Records from a data source:
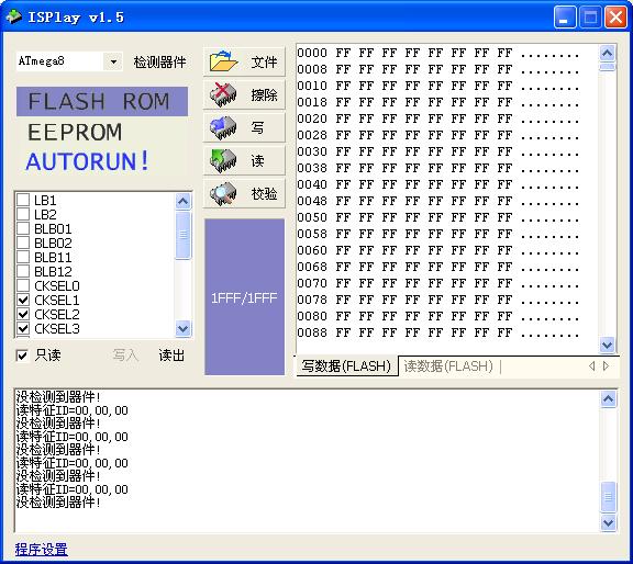 事先我将配置文件Pin_config.ini内的各功能线已修改为和我的并口下载线相同的脚号。在左下角的“程序设置”里选好那个配置
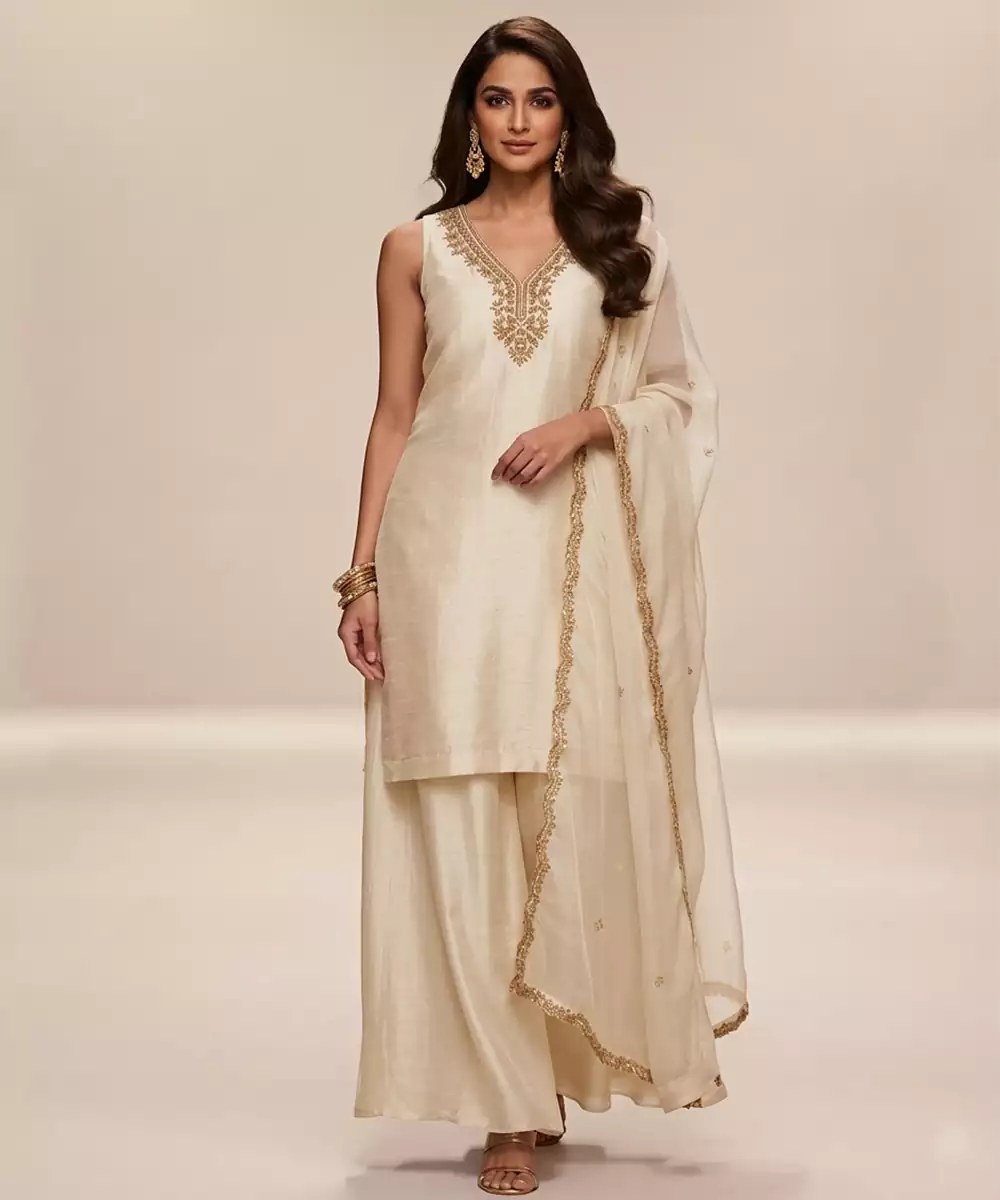 This Ivory Modal Silk Kurta Set Features Fine Embroidery That Enhances Its Subtle And Sophisticated Appeal. The Smooth Fabric Offers Comfort And Elegance, While The Silhouette Ensures A Graceful Fit. Perfect For Festive Gatherings, It Pairs Beautifully With Delicate Accessories For A Timeless Look.
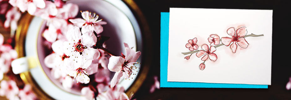 Cherry Blossom Card DESIGN: Friendly cherry blossoms are a welcome sign of spring time. Send this card for Mother’s Day or to simply spread some spring cheer! A hand painted water color illustration, captured and printed digitally. SENTIMENT: Blank (We...
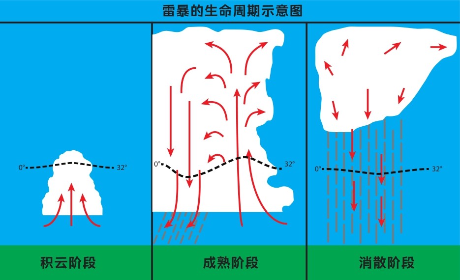 作为一种小尺度天气系统,雷暴云的持续时间只有几十分钟,且必须在不稳定的大气层结、充沛的水汽条件和足够的冲击力下才能形成。其发展过程可以分为积云阶段、成熟阶段和消散阶段三个阶段。在积云阶段,雷暴单体内主要为比较规则的上升气流,此时一般不会产生雷暴。在成熟阶段,云内除了有规则的上升气流外,同时有系统性的下沉气流,并伴有雷电和降水。一阵电闪雷鸣与狂风暴雨之后,雷暴云进入消散阶段。此时,云层被有规则的下沉气流所控制,云体逐渐崩溃。
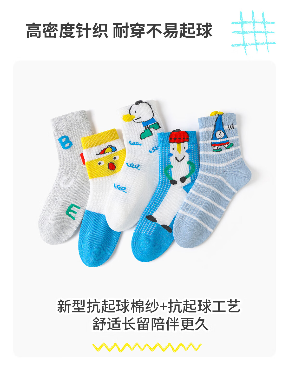 斑比男童袜子春夏款网眼透气棉袜中大童宝宝夏季无骨可爱儿童袜子 BB2631 春夏款儿童袜子 5双 3-5岁 建议脚码21-26码【16-18】
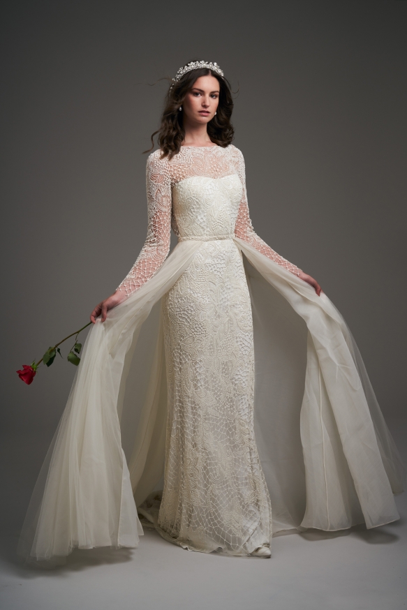 Layering is key. Light-as-air skirts, bridal separates and sleek shifts work fabulously with capes, long-sleeved tops, and detachable overskirts and trains, which can be combined to create a beautifully bespoke and all-weather ensemble.
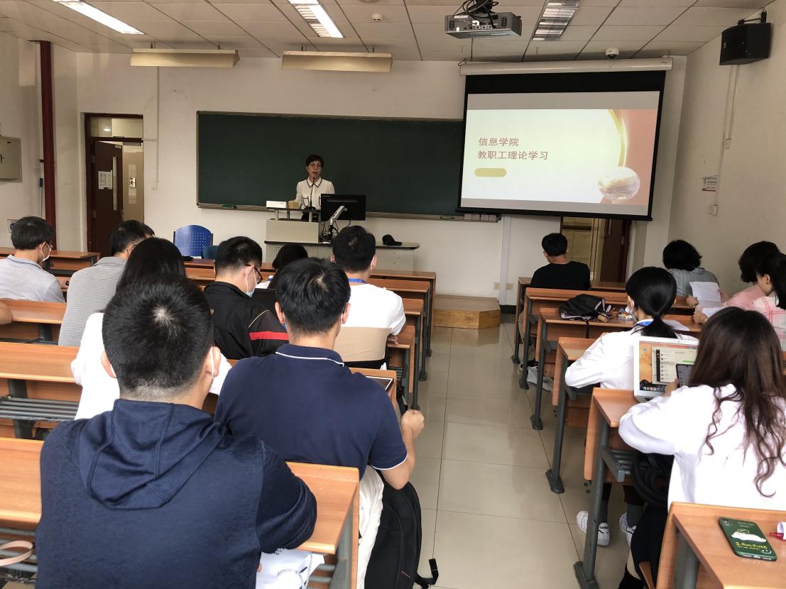 2021年9月23日13:30,皇冠足球网 在宁远222教室召开学院大会,高玲书记组织全体教职工集体学习习近平在庆祝中国共产党成立100周年大会上的讲话精神、第二十七次全国高校党的建设工作会议精神和中央教育工作领导小组《关于深入学习宣传贯彻党的教育方针的通知》文件精神。
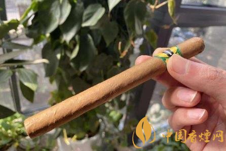 雪茄入手,手感緊實(shí)致密,纖細(xì)修長的茄身彰顯其精致,執(zhí)于鼻間,茄香撲鼻,單聞茄香便陷入沉醉,非常過癮。量了下煙支尺寸,長度 150mm,直徑 14mm,環(huán)徑 44mm,焦油量:中,售價(jià)為80元/盒。

ASSIGNMENT — Repeat only the lines from the line with "2021年9月23日13:3" to the end of the entries, including both the first and the last line, and drop every picture.

SOLUTION —
 2021年9月23日13:30,皇冠足球网 在宁远222教室召开学院大会,高玲书记组织全体教职工集体学习习近平在庆祝中国共产党成立100周年大会上的讲话精神、第二十七次全国高校党的建设工作会议精神和中央教育工作领导小组《关于深入学习宣传贯彻党的教育方针的通知》文件精神。
 雪茄入手,手感緊實(shí)致密,纖細(xì)修長的茄身彰顯其精致,執(zhí)于鼻間,茄香撲鼻,單聞茄香便陷入沉醉,非常過癮。量了下煙支尺寸,長度 150mm,直徑 14mm,環(huán)徑 44mm,焦油量:中,售價(jià)為80元/盒。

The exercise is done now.